Re: Problems should be solved shortly

Posted: Tue Feb 21, 2012 12:58 am
by upstatelabs
I now have "Completed and Validated" WUs being sent back. Thank you!

Many of them have stderr that are something like this:
<core_client_version>6.12.34</core_client_version>
<![CDATA[
<stderr_txt>
error: bundle: cannot rename client.log to client_0.log: Permission denied
19:12:47 (4932): called boinc_finish

</stderr_txt>
]]>

Is this still an issue to be resolved or is this normal?

Re: Problems should be solved shortly

Posted: Tue Feb 21, 2012 1:07 pm
by _MaRiO
How about scoring ?

http://eon.ices.utexas.edu/eon2/workuni ... =117800459
988.36 - - 976.30 - - 0.22

http://eon.ices.utexas.edu/eon2/workuni ... =117800580
985.28 - - 976.71 - - 11.03

Re: Problems should be solved shortly

Posted: Tue Feb 21, 2012 2:34 pm
by Slave_Mac
As of this A.M. XP and Lion machines are completing tasks successfully.

Re: Problems should be solved shortly

Posted: Thu Feb 23, 2012 1:05 am
by mitrichr
O.K., you need to tell us when we can go back to tasks. And you need to email out the notice, because alerts for replies to posts on this forum do not appear to be working.

Re: Problems should be solved shortly

Posted: Sat Feb 25, 2012 6:55 am
by Ged T
Well, I just tried workunit item 580125238_12_219839_0 on one of my W7 x64 machines and the client does increment the percentage complete, as elapse time is consumed but its 'chunky' - a few tens of seconds passes then the percentage complete is updated. However, the general trend is that as processing executes, the time to complete also increases. I thought that, maybe, the chunkiness was due to checkpointing so I checked that and found that it still doesn't checkpoint a workunit; I aborted the workunit to liberate compute resources for the much more able client projects I support.

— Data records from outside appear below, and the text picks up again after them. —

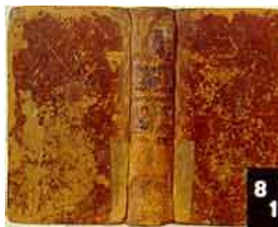
(2) Ouvrage du XIXe siècle

Malgré un décor à froid sur le dos, cette reliure ne présente pas d'autre intérêt, selon nos critères actuels, que d'être à peu près contemporaine du livre et la première réalisée sur cet ouvrage. On ne peut pas nier la valeur d'ancienneté. La valeur archéologique est seulement potentielle. La valeur d'usage quant à elle est prépondérante et la consultation doit être assurée. Si la cohérence de l'ensemble est toujours préférable, le principal critère de décision quant au traitement sera son coût. Pour cet ouvrage, la restauration a été faite avec du papier japonais
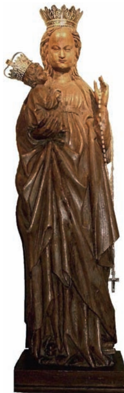
Het fraaie Mariabeeld (ca. 1500) in de Mariakapel achterin de huidige kerk. Het stond eeuwen in de Mariakapel op het einde van de Dorpsstraat.
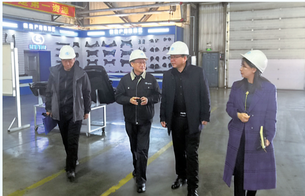
市市场监管局知识产权调研组深入国家级知识产权示范企业格致汽车科技调研指导服务。
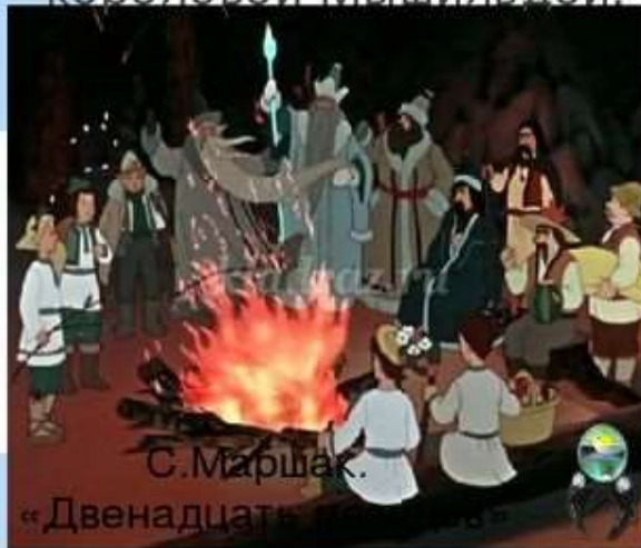
С. Маршак. «Двенадцать месяцев»

Добрая и волшебная сказка о мальчике, заколдованном злой королевой Мышьдой.
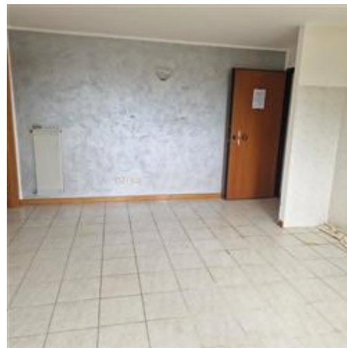
soggiorno-pranzo con angolo cottura
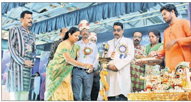
ମହୋତ୍ସବକୁ ଅଭିଯୋଗରେ ଉଦ୍‌ଘାଟନ କରୁଛନ୍ତି।

ଅନୁଗୋଳର ସେବା ଓ ସଂସ୍କୃତି ଅନୁଷ୍ଠାନ 'କଳାକାର' ପକ୍ଷରୁ ଘାଟମଣି ବୋଇତ ବନ୍ଦୀ ମହୋତ୍ସବ ୨୦୧୯ ଶନିବାର ଉଦ୍‌ଘାଟିତ ହୋଇଯାଇଛି।
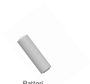
Batteri 3,6V ER 14505
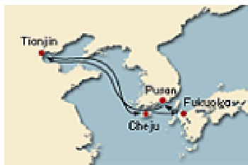
[그림 IV-5] 코스타 크루즈 제주기항 노선도(5)
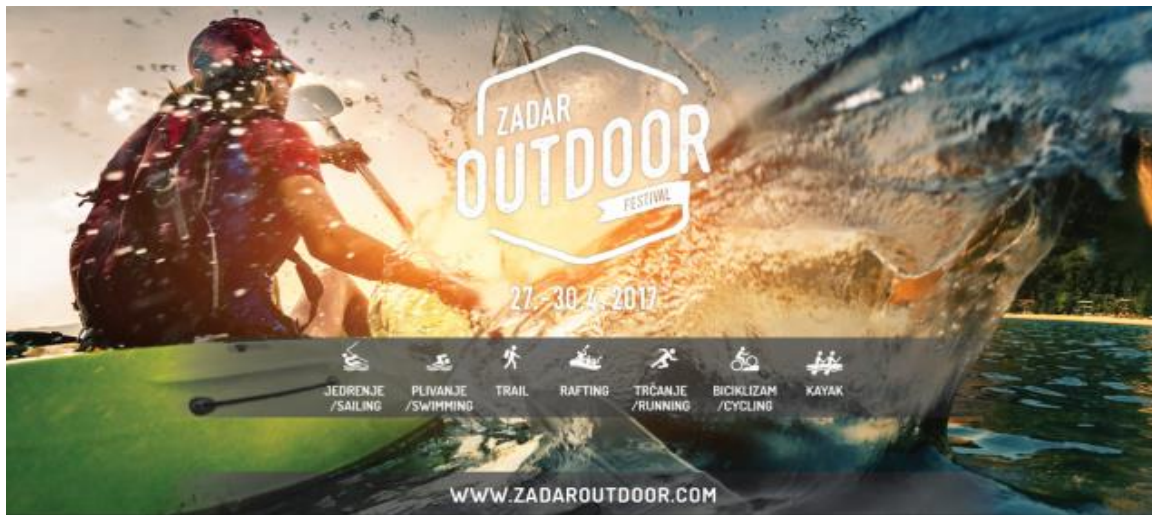
Slika 12: Logo Zadar Outdoor festivala

Od 27.04.2017. do 30.04.2017 na području Zadarske županije održan je prvi Zadar Outdoor festival, zajednički projekt nekoliko vodećih turističkih tvrtki koji je objedinio jedrenje, trail, plivanje, biciklizam, kajakarenje na moru, trčanje i rafting. Tako se područje Zadarske županije na četiri dana pretvorilo u igraonicu avanturizma za profesionalce, rekreativce i amatere raznih profila i interesa.
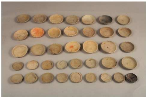
かわらけ (12世紀後半)
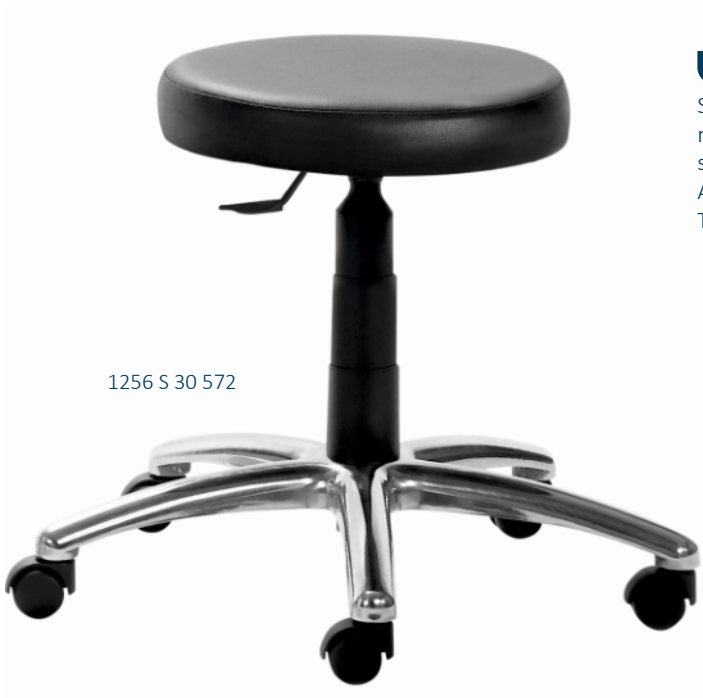
1256 S 30 572
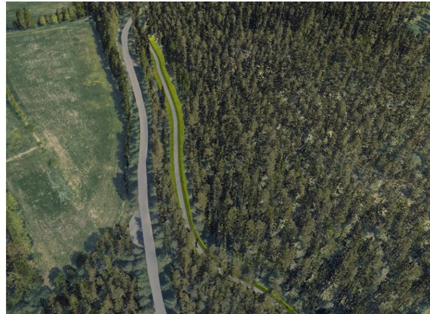
Tilanne puuston poiston jälkeen
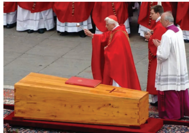
Le cardinal Ratzinger bénissant le cercueil de Jean-Paul II

À la mort de Jean-Paul II, le 2 avril 2005, le cardinal Ratzinger pensait bien qu'il pourrait enfin se retirer et retourner dans sa Bavière natale, mais le bon Dieu avait un autre plan pour lui: succéder à son grand ami comme évêque de Rome et comme pape! En tant que doyen du Collège des cardinaux, c'est lui, Joseph Ratzinger, qui fut appelé à présider la messe de funérailles du pape polonais, et on se souvient tous des paroles touchantes du cardinal Ratzinger lors de son homélie pour l'occasion:
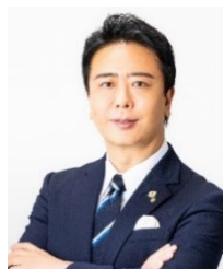
福岡市長 高島 宗一郎
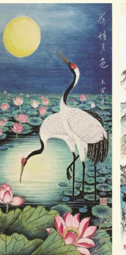
《荷塘月色》国画 陆仰东
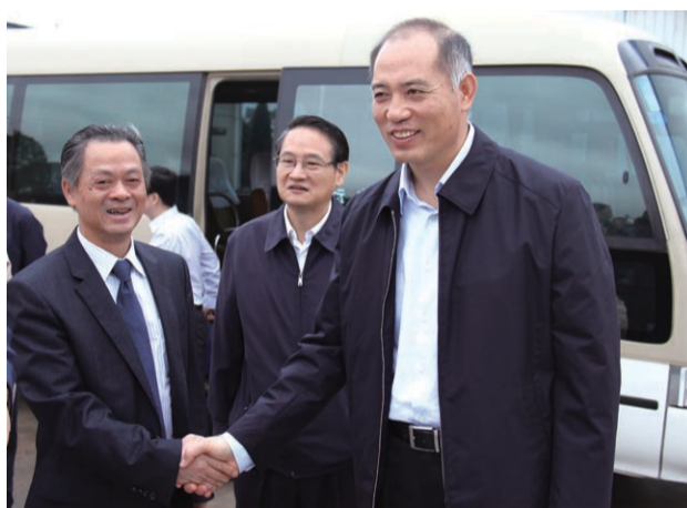
■ 湖南省委常委、省委组织部部长郭开朗（右一）与宇环数控董事长许世雄亲切握手

9月19日上午，湖南省委常委、省委组织部部长郭开朗，省委常委、长沙市委书记易炼红等省市领导一行在浏阳市委书记曹立军的陪同下来到此次浏阳调研考察的第一站——宇环数控，就高层次人才创新创业体制机制建设情况进行专题调研。长沙市委常委、组织部部长程水泉等领导一同参加调研。
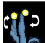
Ca va la nuit
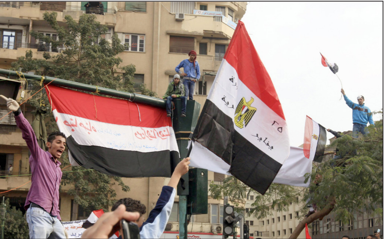
صورة أرشيفية لمظاهرات 25 يناير في مصر
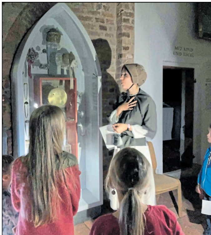
Die Besucher müssen bei der Taschenlampenführung Rätsel knacken, versteckte Botschaften entschlüsseln und sich teilweise im Dunkeln fortbewegen.

Der Eintritt zu dieser Veranstaltung kostet für Erwachsene acht Euro, ermäßigt sechs Euro und für Personen bis 16 Jahre zwei Euro.
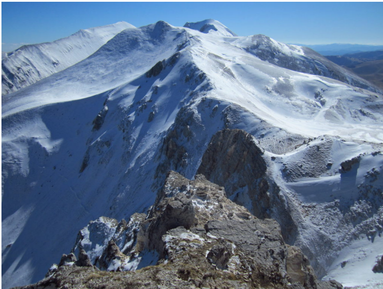
21- Il gruppo Sud del Monti Sibillini visto dalla cima di sacco di Palazzo Borghese.
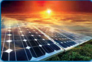
GÜNEŞ ENERJİ SİSTEMİ TAKİBİ
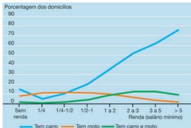
Figura 3- Posse de veículos motorizados nos domicílios do Brasil por nível de renda em 2009.
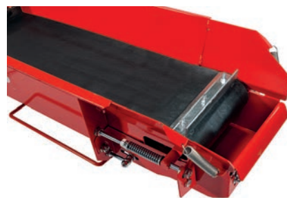
Patentované čistící zařízení na vykládacím dopravníku ve standardu. Drážka na konci vykládacího dopravníku slouží k odstranění třísek a zbytků.
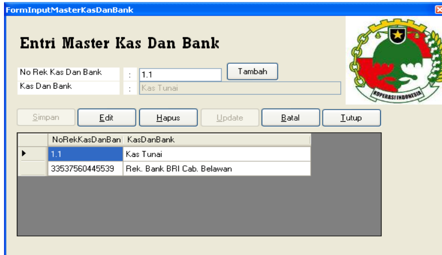
Gambar IV.4. Tampilan Form Entri Data Master Kas Dan Bank

Pada form entri data master kas dan bank berfungsi untuk menginputkan data master kas dan bank yang terlihat pada gambar IV.4.
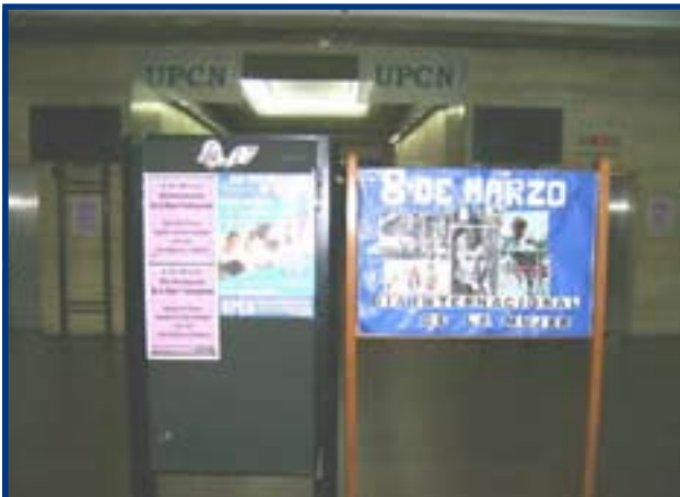
DELEGACION GENERAL UPCN INDUSTRIA Y COMERCIO
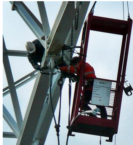
3 Teamarbeit bei komplexer Stahlbaumontage

D-A-CH-S ist eine internationale Arbeitsgruppe von Experten aus Deutschland, Österreich, Schweiz und Südtirol, deren Ziel es ist, eine länderübergreifende Vereinheitlichung der Regelungen für Absturzsicherungen an hochgelegenen Arbeitsplätzen anzustreben.
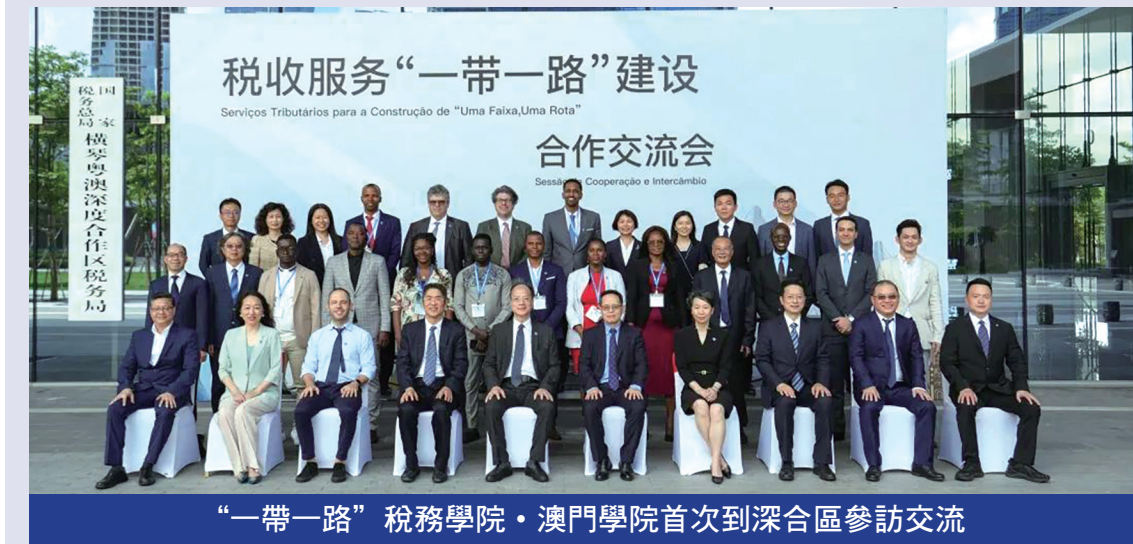
“一帶一路”稅務學院·澳門學院首次到深合區參訪交流

此次安排葡語系國家的學員到橫琴粵澳深度合作區實地考察，有助於了解中國稅務制度及徵管服務創新舉措的最新發展和實務應用，可藉此增加對深合區建設和稅務創新的認知。首次面授稅務課程的舉辦不僅為來自葡語系國家的稅務機關工作人員提供一個學習和交流的平台，也進一步促進橫琴粵澳深度合作區和葡語系國家之間交流，幫助其更好地了解中國稅收制度和徵管服務創新措施。對於學員日後的工作具有重要的參考價值，對促進國際稅務領域的合作和交流具有積極的推動作用。
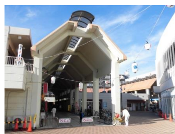
金沢センターシーサイド（金沢区）
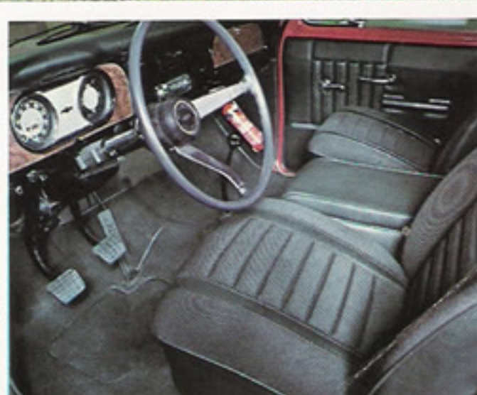
O interior do novo Chevy SL.

A General Motors é a única que oferece a mais completa linha de pick-ups do país. Para os que precisam de muita economia, em diferentes tipos de estrada, dando duro em trabalhos puxados, o novo Chevy 4, com o experiente motor de 4 cilindros. No Chevy 4, a economia faz a força. Para os que exigem mais do que um utilitário, combinando o trabalho do campo com a vida social da cidade, o novo Chevy SL, com motor de 4 e 6 cilindros, muito conforto, beleza, raça e esportividade. No Chevy SL, luxo deixou de
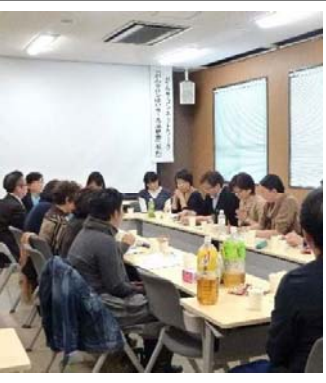
がんサロン ネットワーク連絡会 開催

2月14日（土）、琉球大学大学院セミナー室にて、がん診療連携拠点病院・がん患者会・ピアサポーターが連携し、互いの活動をがん患者さんやそのご家族等の支援に還元することを目的に、がんサロンネットワーク連絡会が開催されました。県内では今回初めての試みで、県内8団体の患者サロンから17名の世話人・医療従事者が参加。県内のがん患者サロンの世話人や患者サロン担当の医療従事者が一堂に会し、互いの活動内容の情報交換と交流を深め、患者サロンの活動や連携方法について活発に意見交換がされました。
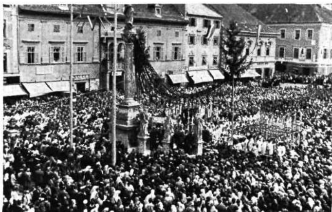
Evharistični kongres v Mariboru med pontifikalno mašo pred magistratom
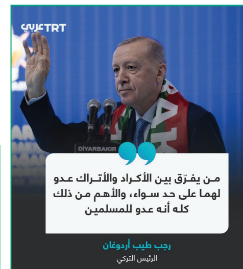
REXHEP TAJIP ERDOĞAN PRESIDENT I TURKIJES

“ N E JEMI NË HALLKËN N E FUNDIT TË T HYERJES SË LOJËS I MPERIALISTE, E CILA I KA SHKAKTUAR DHIMBJE K ËTIJ YMETI, PËR QATI N JË QJYSMË SHEKULLI!
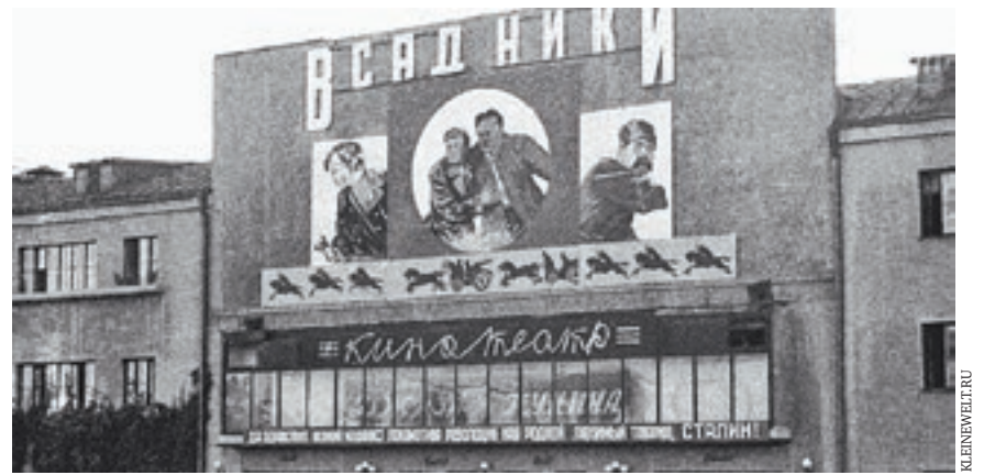
Так кинотеатр выглядел в 30-е годы
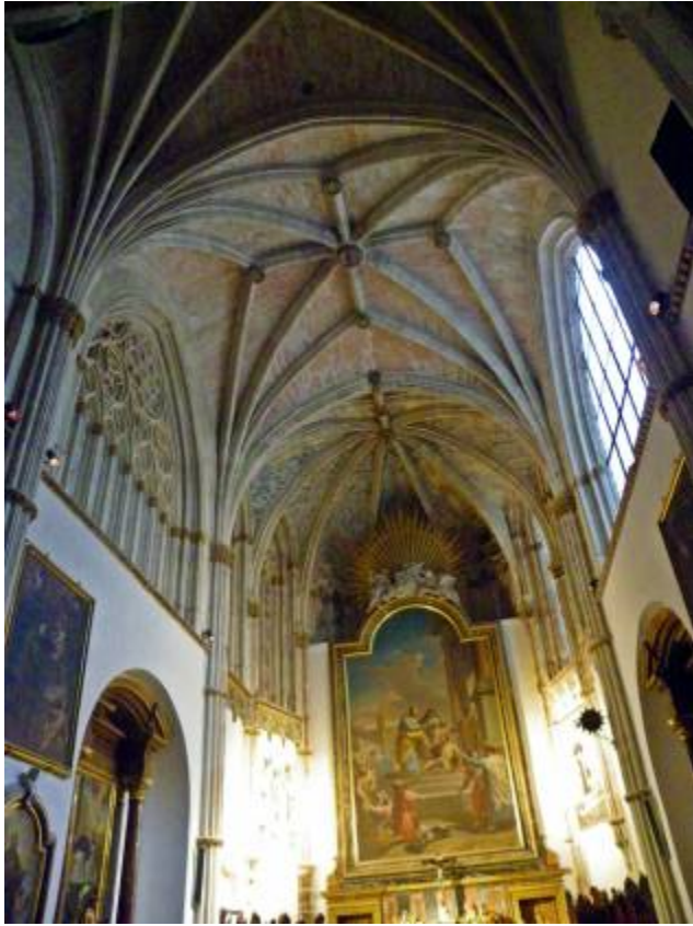
Fig. 19: Interior. Capilla de San Pedro. Catedral de Toledo.
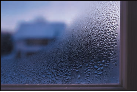
Condensación en el interior del vidrio de la ventana.
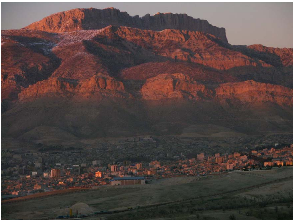
تصویر شماره ۱: نمای شمالی شهر ایلام ( محدود به ارتفاعات) و محدودیت رشد شهر
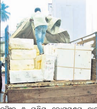
ଶ୍ରୀମନ୍ଦିରର ୮ ଦ୍ୱାର ହେବ ରୂପା ଛାଉଣି

ଏଥିପାଇଁ ନୀଳାଦ୍ରି ଉତ୍ତରୀୟରେ ପ୍ରାଥମିକ ପର୍ଯ୍ୟାୟରେ ୩ ଦ୍ୱାରର କାର୍ଯ୍ୟ ଆରମ୍ଭ ହୋଇଛି।

The upshot is that, whilst one could see the irony of the eON 4.x client's search for rarely, if ever, occurring events (like checkpointing) over a very long timescale (eons...) I have to conclude that:

1 - The lack of care and attention to the behaviour of the client software is damaging to the other BOINC projects I run, to contribute towards science; to be clear, I mean 'damaging' in the sense that an open-ended completion time is contrary to the spirit of BOINC and disrespectful of those other projects

2 - With still no checkpointing, and especially now that a client instance of eOn workunit's runtime is potentially unbounded, any restart of the client software as a result of a BOINC framework update or the host machine increases the problem: other projects are denied processor cycles much more due to unnecessary reprocessing of eOn client instances (when these had exeution times up to the handful of minutes, it wasn't a huge problem - still wasteful, but manageable...)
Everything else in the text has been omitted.